TASK INPUT section start
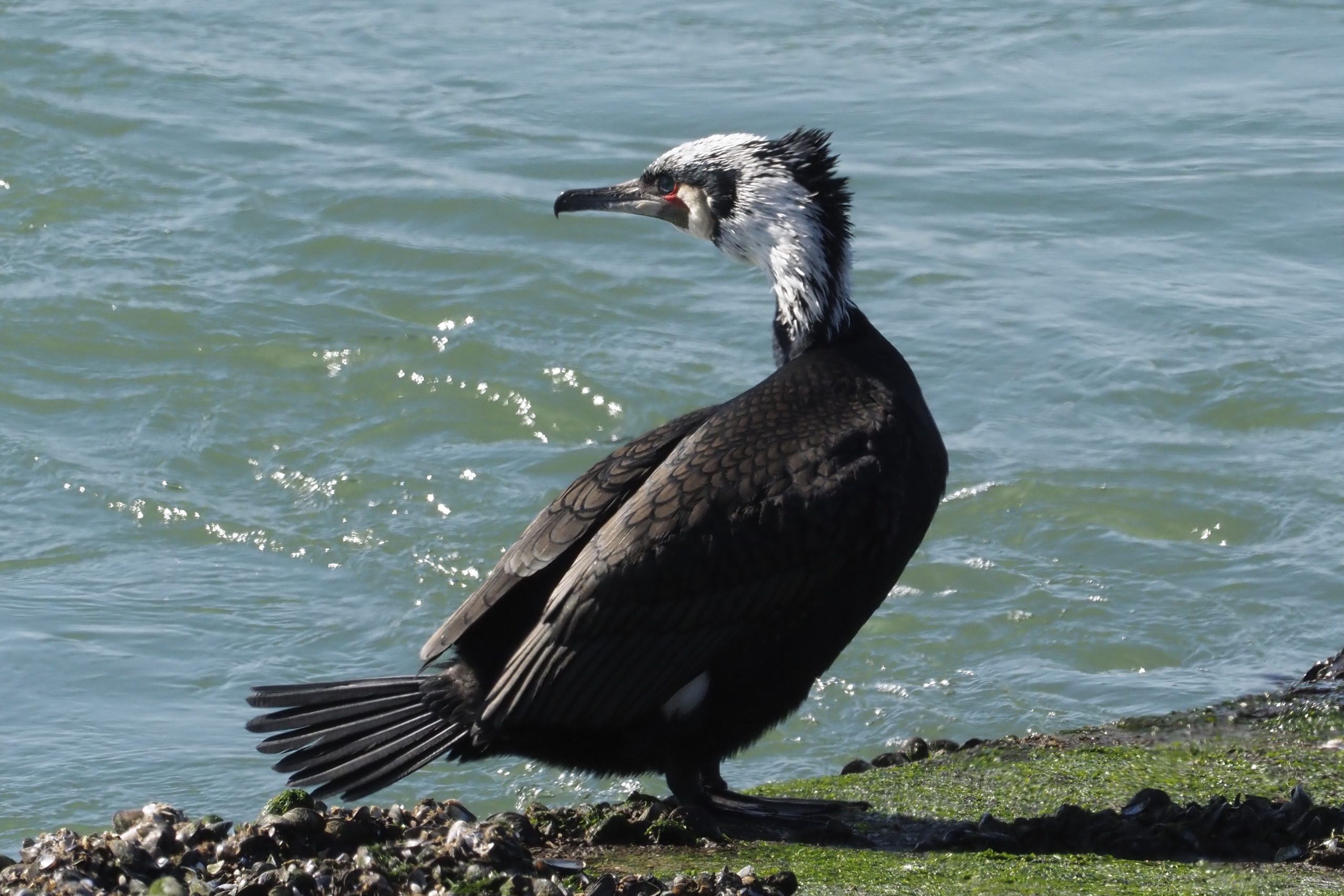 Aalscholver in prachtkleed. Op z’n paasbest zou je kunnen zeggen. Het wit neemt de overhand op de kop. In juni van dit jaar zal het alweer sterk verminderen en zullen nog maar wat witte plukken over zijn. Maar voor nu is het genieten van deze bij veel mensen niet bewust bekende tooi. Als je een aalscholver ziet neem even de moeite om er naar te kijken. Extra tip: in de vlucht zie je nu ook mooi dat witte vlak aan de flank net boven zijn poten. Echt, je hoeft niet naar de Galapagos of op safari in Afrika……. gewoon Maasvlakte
TASK INPUT section end
TASK INPUT section start
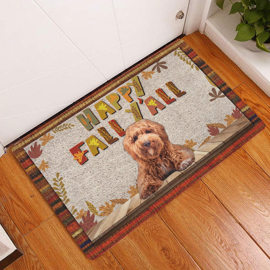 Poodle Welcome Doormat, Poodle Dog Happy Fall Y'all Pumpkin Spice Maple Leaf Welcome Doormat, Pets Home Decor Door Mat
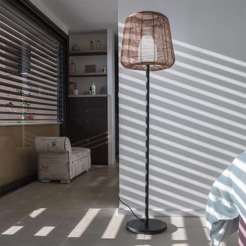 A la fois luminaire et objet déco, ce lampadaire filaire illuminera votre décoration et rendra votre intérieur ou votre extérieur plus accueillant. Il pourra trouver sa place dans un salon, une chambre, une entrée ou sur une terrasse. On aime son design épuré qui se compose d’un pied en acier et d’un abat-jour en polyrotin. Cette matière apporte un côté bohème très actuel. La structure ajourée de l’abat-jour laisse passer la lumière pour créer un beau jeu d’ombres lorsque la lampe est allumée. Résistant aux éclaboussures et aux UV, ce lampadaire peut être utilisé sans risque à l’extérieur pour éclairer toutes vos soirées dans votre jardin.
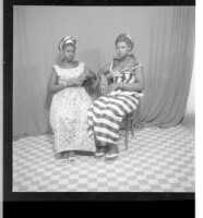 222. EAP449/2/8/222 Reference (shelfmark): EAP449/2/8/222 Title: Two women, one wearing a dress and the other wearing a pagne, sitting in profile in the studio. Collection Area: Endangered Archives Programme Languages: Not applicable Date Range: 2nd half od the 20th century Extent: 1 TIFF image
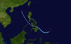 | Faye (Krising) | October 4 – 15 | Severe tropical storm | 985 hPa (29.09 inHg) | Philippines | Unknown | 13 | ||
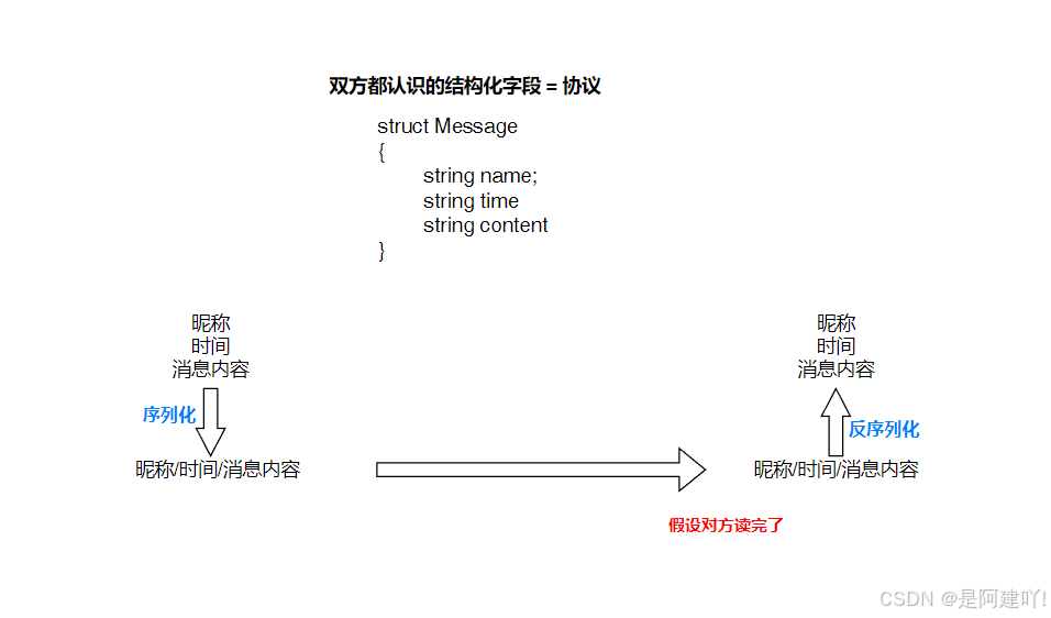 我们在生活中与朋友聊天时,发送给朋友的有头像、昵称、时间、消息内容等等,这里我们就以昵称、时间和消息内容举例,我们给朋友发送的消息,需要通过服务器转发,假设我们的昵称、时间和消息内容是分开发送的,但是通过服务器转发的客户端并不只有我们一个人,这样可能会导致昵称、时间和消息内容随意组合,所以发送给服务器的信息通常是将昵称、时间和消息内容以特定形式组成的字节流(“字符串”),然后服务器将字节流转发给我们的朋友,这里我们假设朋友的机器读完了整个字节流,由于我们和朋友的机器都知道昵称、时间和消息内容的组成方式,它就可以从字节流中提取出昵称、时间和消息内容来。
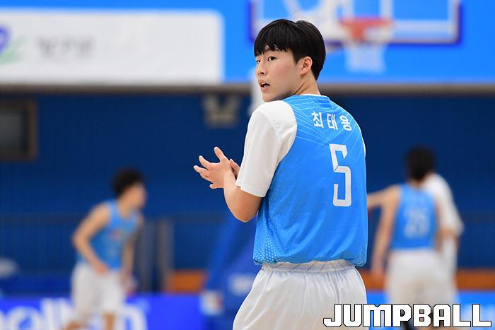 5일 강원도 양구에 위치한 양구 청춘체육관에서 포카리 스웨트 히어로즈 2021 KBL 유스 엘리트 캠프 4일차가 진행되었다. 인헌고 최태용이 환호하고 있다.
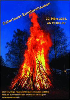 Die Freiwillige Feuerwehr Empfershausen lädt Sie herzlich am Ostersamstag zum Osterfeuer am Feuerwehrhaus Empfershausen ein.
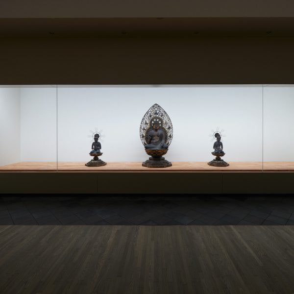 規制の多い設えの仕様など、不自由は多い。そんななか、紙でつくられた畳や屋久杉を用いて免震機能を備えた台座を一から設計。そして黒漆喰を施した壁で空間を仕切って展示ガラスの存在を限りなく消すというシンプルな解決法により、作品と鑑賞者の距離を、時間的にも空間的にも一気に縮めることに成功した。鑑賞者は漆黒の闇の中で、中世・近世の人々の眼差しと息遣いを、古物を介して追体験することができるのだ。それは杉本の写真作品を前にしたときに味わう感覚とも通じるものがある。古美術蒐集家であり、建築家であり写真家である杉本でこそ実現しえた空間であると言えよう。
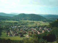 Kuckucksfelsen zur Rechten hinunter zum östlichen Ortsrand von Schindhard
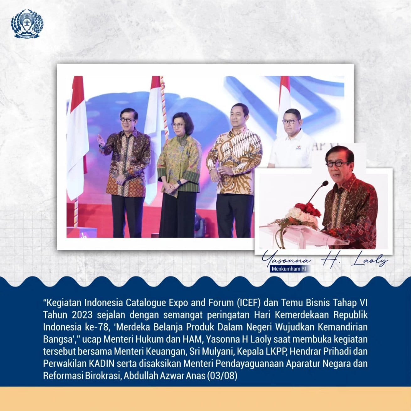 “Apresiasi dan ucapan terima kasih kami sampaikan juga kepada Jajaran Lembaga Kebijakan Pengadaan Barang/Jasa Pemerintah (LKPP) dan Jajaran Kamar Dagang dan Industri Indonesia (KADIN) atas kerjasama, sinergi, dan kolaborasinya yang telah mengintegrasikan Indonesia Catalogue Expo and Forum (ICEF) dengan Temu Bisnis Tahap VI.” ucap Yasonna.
TASK INPUT section end
TASK INPUT section start
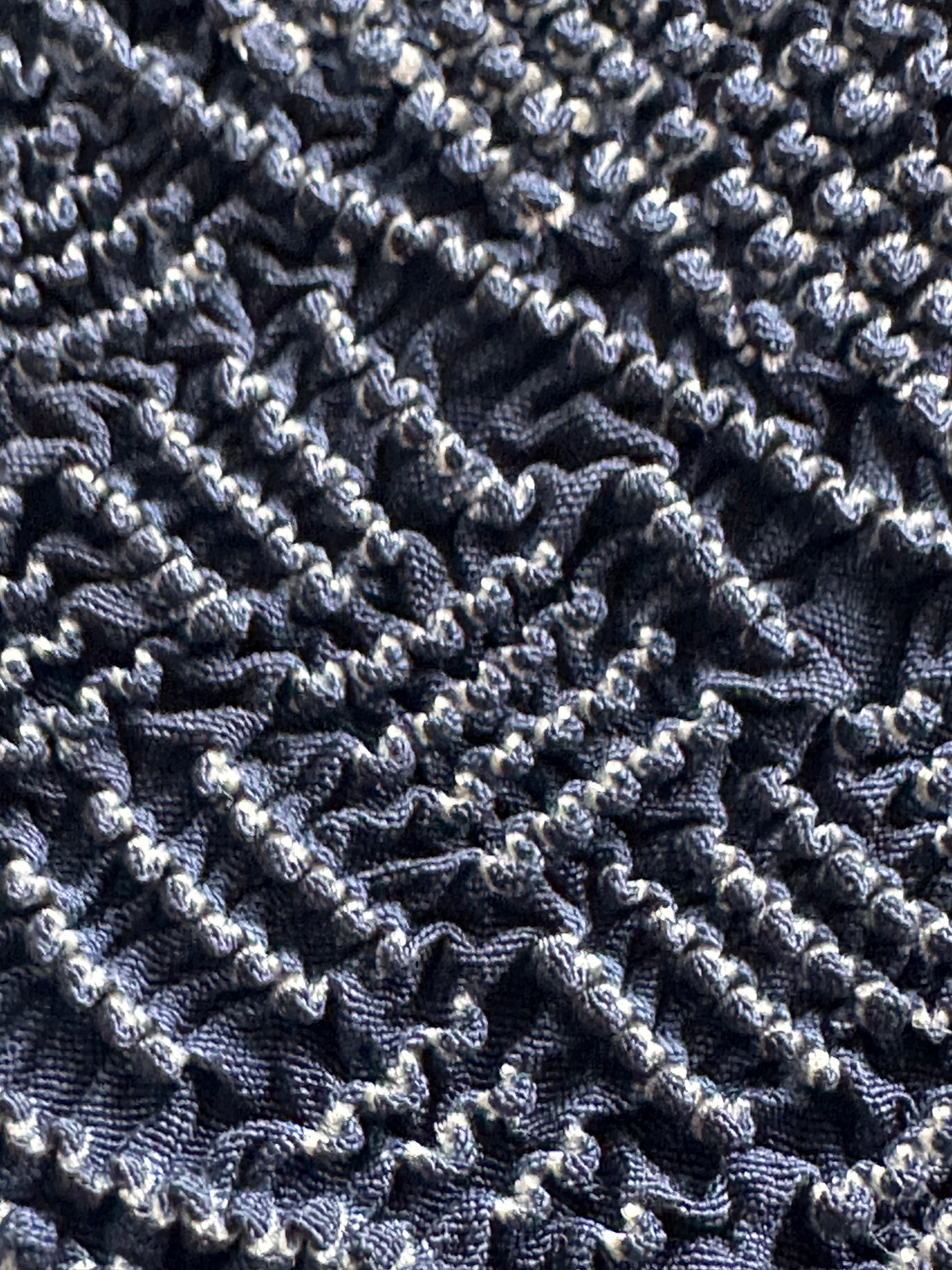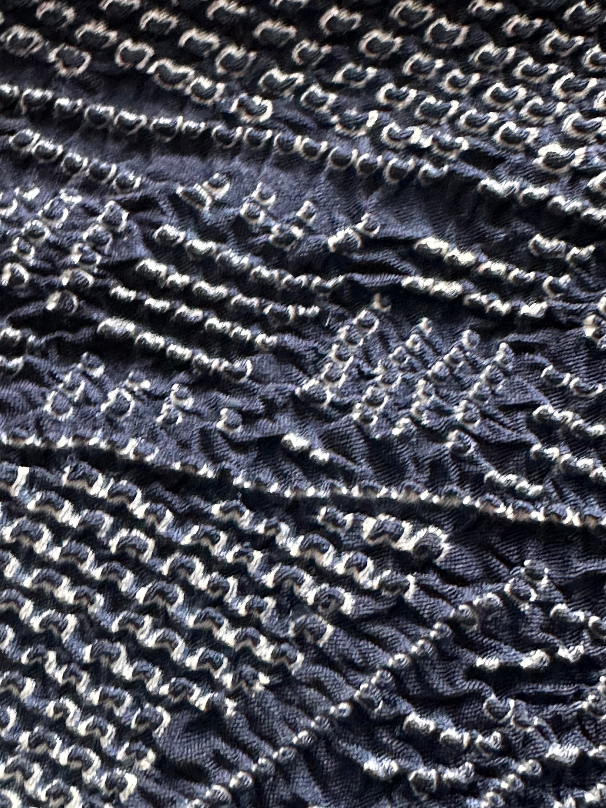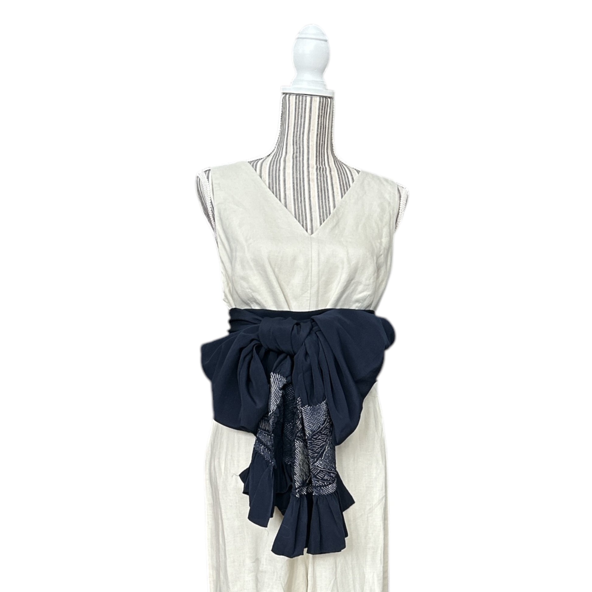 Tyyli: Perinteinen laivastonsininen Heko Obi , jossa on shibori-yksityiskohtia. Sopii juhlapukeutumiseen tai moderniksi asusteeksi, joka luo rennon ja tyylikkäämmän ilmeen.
TASK INPUT section end
WHAT YOU ARE ASKED TO DO -
Using the listing above, reproduce word for word every line from the one containing "Unknown | 13 | ||" through the one containing "dan ucapan terima". Pictures must be left out.

ANSWER TO THIS EXERCISE -
 | Faye (Krising) | October 4 – 15 | Severe tropical storm | 985 hPa (29.09 inHg) | Philippines | Unknown | 13 | ||
 我们在生活中与朋友聊天时,发送给朋友的有头像、昵称、时间、消息内容等等,这里我们就以昵称、时间和消息内容举例,我们给朋友发送的消息,需要通过服务器转发,假设我们的昵称、时间和消息内容是分开发送的,但是通过服务器转发的客户端并不只有我们一个人,这样可能会导致昵称、时间和消息内容随意组合,所以发送给服务器的信息通常是将昵称、时间和消息内容以特定形式组成的字节流(“字符串”),然后服务器将字节流转发给我们的朋友,这里我们假设朋友的机器读完了整个字节流,由于我们和朋友的机器都知道昵称、时间和消息内容的组成方式,它就可以从字节流中提取出昵称、时间和消息内容来。
 5일 강원도 양구에 위치한 양구 청춘체육관에서 포카리 스웨트 히어로즈 2021 KBL 유스 엘리트 캠프 4일차가 진행되었다. 인헌고 최태용이 환호하고 있다.
 Die Freiwillige Feuerwehr Empfershausen lädt Sie herzlich am Ostersamstag zum Osterfeuer am Feuerwehrhaus Empfershausen ein.
 規制の多い設えの仕様など、不自由は多い。そんななか、紙でつくられた畳や屋久杉を用いて免震機能を備えた台座を一から設計。そして黒漆喰を施した壁で空間を仕切って展示ガラスの存在を限りなく消すというシンプルな解決法により、作品と鑑賞者の距離を、時間的にも空間的にも一気に縮めることに成功した。鑑賞者は漆黒の闇の中で、中世・近世の人々の眼差しと息遣いを、古物を介して追体験することができるのだ。それは杉本の写真作品を前にしたときに味わう感覚とも通じるものがある。古美術蒐集家であり、建築家であり写真家である杉本でこそ実現しえた空間であると言えよう。
 Kuckucksfelsen zur Rechten hinunter zum östlichen Ortsrand von Schindhard
 “Apresiasi dan ucapan terima kasih kami sampaikan juga kepada Jajaran Lembaga Kebijakan Pengadaan Barang/Jasa Pemerintah (LKPP) dan Jajaran Kamar Dagang dan Industri Indonesia (KADIN) atas kerjasama, sinergi, dan kolaborasinya yang telah mengintegrasikan Indonesia Catalogue Expo and Forum (ICEF) dengan Temu Bisnis Tahap VI.” ucap Yasonna.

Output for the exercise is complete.